TASK DIRECTIONS: The expected response is the complete listing below, restated exactly, with its pictures omitted.

COLLECTED MATERIAL:
━━━━
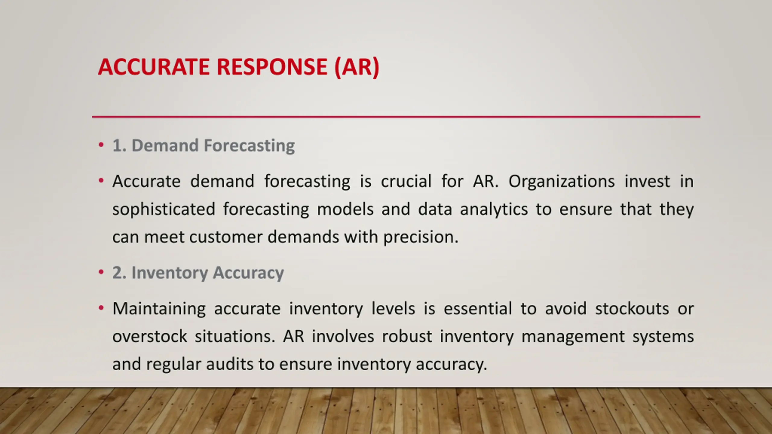 ACCURATE RESPONSE (AR) 1. Demand Forecasting Accurate demand forecasting is crucial for AR. Organizations invest in sophisticated forecasting models and data analytics to ensure that they can meet customer demands with precision. 2. Inventory Accuracy Maintaining accurate inventory levels is essential to avoid stockouts or overstock situations. AR involves robust inventory management systems and regular audits to ensure inventory accuracy.
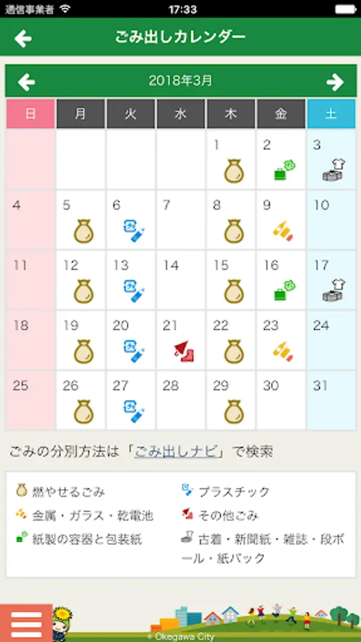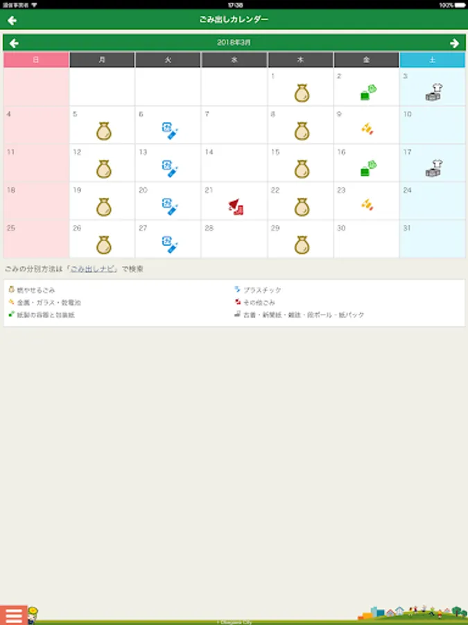 2.ごみ出しカレンダー(収集日前日にリマインド通知)&ごみの分別検索機能
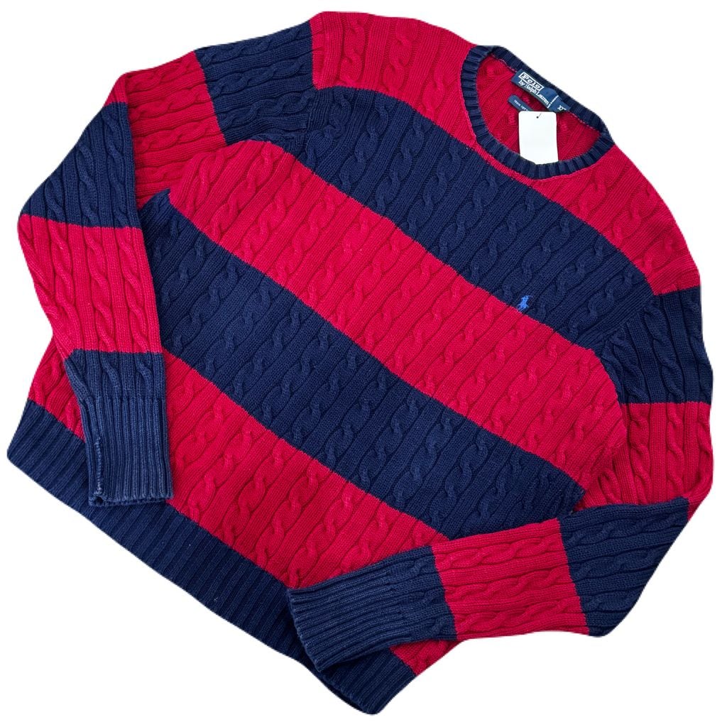 Polo by Ralph Lauren ポロ ラルフローレン ボーダー柄 ケーブルニット コットンニット 赤×紺 XXLサイズ No.EA57
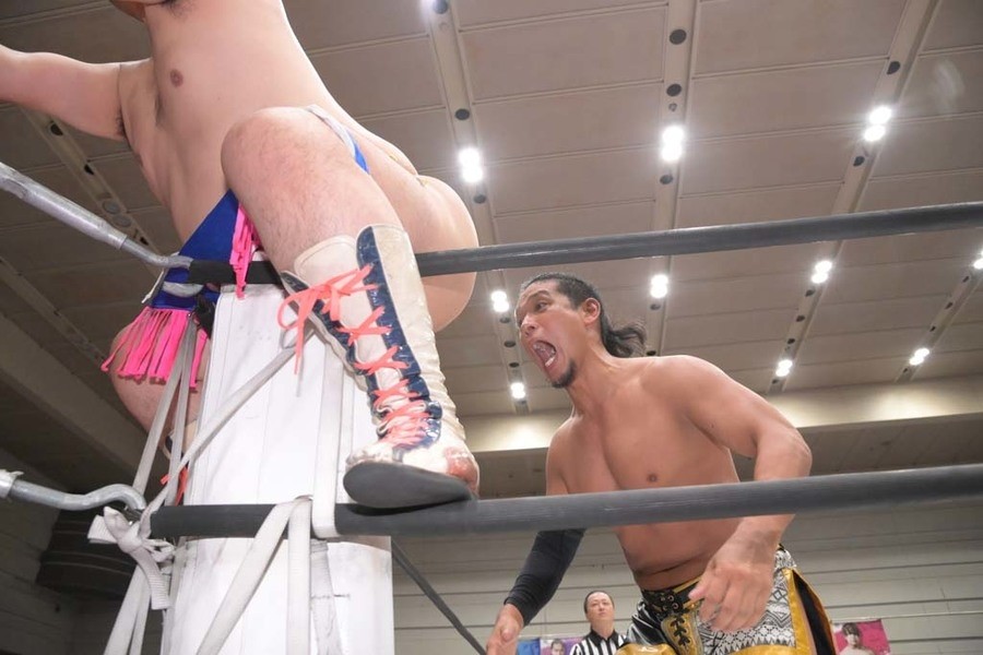 DDT EXTREME王者の勝俣瞬馬が“関西プロレス界の若き雄”木下亨平(ダブプロレス)を変則ルールで退け、5度目の防衛に成功した。
━━━━
SOLUTION BELOW:
 ACCURATE RESPONSE (AR) 1. Demand Forecasting Accurate demand forecasting is crucial for AR. Organizations invest in sophisticated forecasting models and data analytics to ensure that they can meet customer demands with precision. 2. Inventory Accuracy Maintaining accurate inventory levels is essential to avoid stockouts or overstock situations. AR involves robust inventory management systems and regular audits to ensure inventory accuracy.
 2.ごみ出しカレンダー(収集日前日にリマインド通知)&ごみの分別検索機能
 Polo by Ralph Lauren ポロ ラルフローレン ボーダー柄 ケーブルニット コットンニット 赤×紺 XXLサイズ No.EA57
 DDT EXTREME王者の勝俣瞬馬が“関西プロレス界の若き雄”木下亨平(ダブプロレス)を変則ルールで退け、5度目の防衛に成功した。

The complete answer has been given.